December 28th, 2017

5 Top Laptop Security Tips


Today's mobile workforce has generated the awareness and subsequent need for mobile security like never before. As data growth increases, the requirements set forth in new laws and regulations also demand that organizations demonstrate due-care in protecting sensitive customer data.

Meanwhile, the ever-increasing amount of sensitive data continues to find its way onto laptops and adds additional threats to these devices. Because of these threats, organizations should follow a number of data protection and security best practices. Incorporating these top 5 practices can help any organization or individual protect sensitive information in order to mitigate the risk of regulatory and/or financial exposure, while keeping costs at a minimum.

    1. Passwords

      Passwords are the obvious first choice; but there are many ways to implement a password in order to protect a laptop. The first and most common choice is a power-on or BIOS password. This helps to prevent an attacker from simply powering on the device and gaining access to the operating system. However, it does not protect against an attacker from physically removing the hard drive and placing it in another laptop or external drive case to gain access to the information it contains.

      Other options for passwords can take the form of an encrypted partition, which also requires a password before any access to the system can be achieved. This is discussed more in-depth below. Also, depending on the operating system, non-Windows based laptops or laptops with dual operating systems have the option of implementing password protected boot loaders, such as GRUB, that allow you to implement passwords for specific partitions.
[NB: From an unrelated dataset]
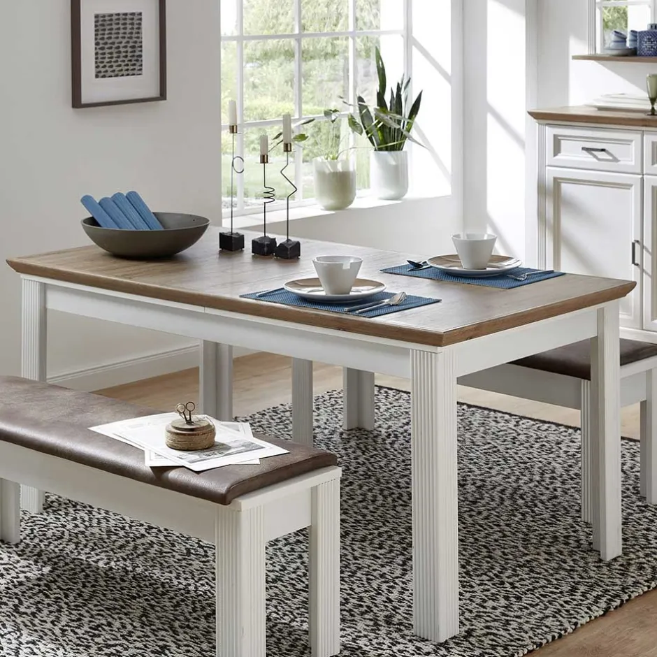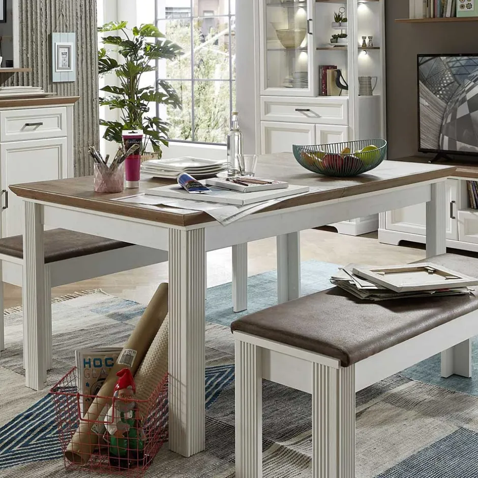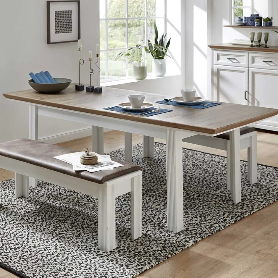 - Ausgezeichneter Esstisch in Pinie Weiß und Eichefarben
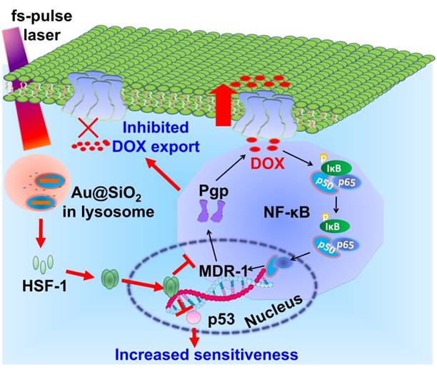 最近,国家纳米科学中心陈春英课题组与吴晓春课题组合作,在逆转肿瘤耐药性方面取得重要进展。利用二氧化硅包覆金纳米棒(Au@SiO2)的可控光热效应逆转了肿瘤细胞的耐药性。发现用低于光热治疗强度的飞秒脉冲激光照射摄入Au@SiO2的耐药细胞产生了独特的光热效应,可诱导细胞内热休克因子(HSF-1)表达、三聚体化、入核、抑制NF-kB通路,既能高效抑制细胞膜上药物输出泵蛋白(P-glycoprotein,Pgp)的表达,增加细胞内化疗药物蓄积;又能成功诱导耐药细胞内突变p53蛋白的降解,对化疗药物增敏,最终有效克服肿瘤耐药(图1)。而传统的水浴热刺激不能克服肿瘤耐药,表明微小空间内局部热刺激的重要性。相关研究结果发表在《先进功能材料》(Adv. Funct. Mater. 2014, DOI: 10.1002/adfm.201400015)。文章被审稿人高度评价,认为应该作为VIP文章加快发表 。

      Overall, keep in mind that passwords should NOT be simple to guess. Best practices (as well as many regulations such as FFIEC, FISMA, etc.) dictate the complexity requirements for what may be considered a"strong" password. As a general rule of thumb, passwords should not contain dictionary words, any part of your name, birth date, etc. and should be comprised of at least 10 alpha and numeric characters, along with several"special" characters (such as, ! @ # $ % &).

    2. Encryption

      Laptop encryption is one of the most important aspects of secure mobile computing. Specifically, it is important to encrypt not only confidential company related information, but also confidential customer information. There are many ways to circumvent passwords, operating system vulnerabilities or other aspects of system security. However, when the data the attackers are after isn't usable, this often mitigates many of the risks with mobile computing and data loss/theft.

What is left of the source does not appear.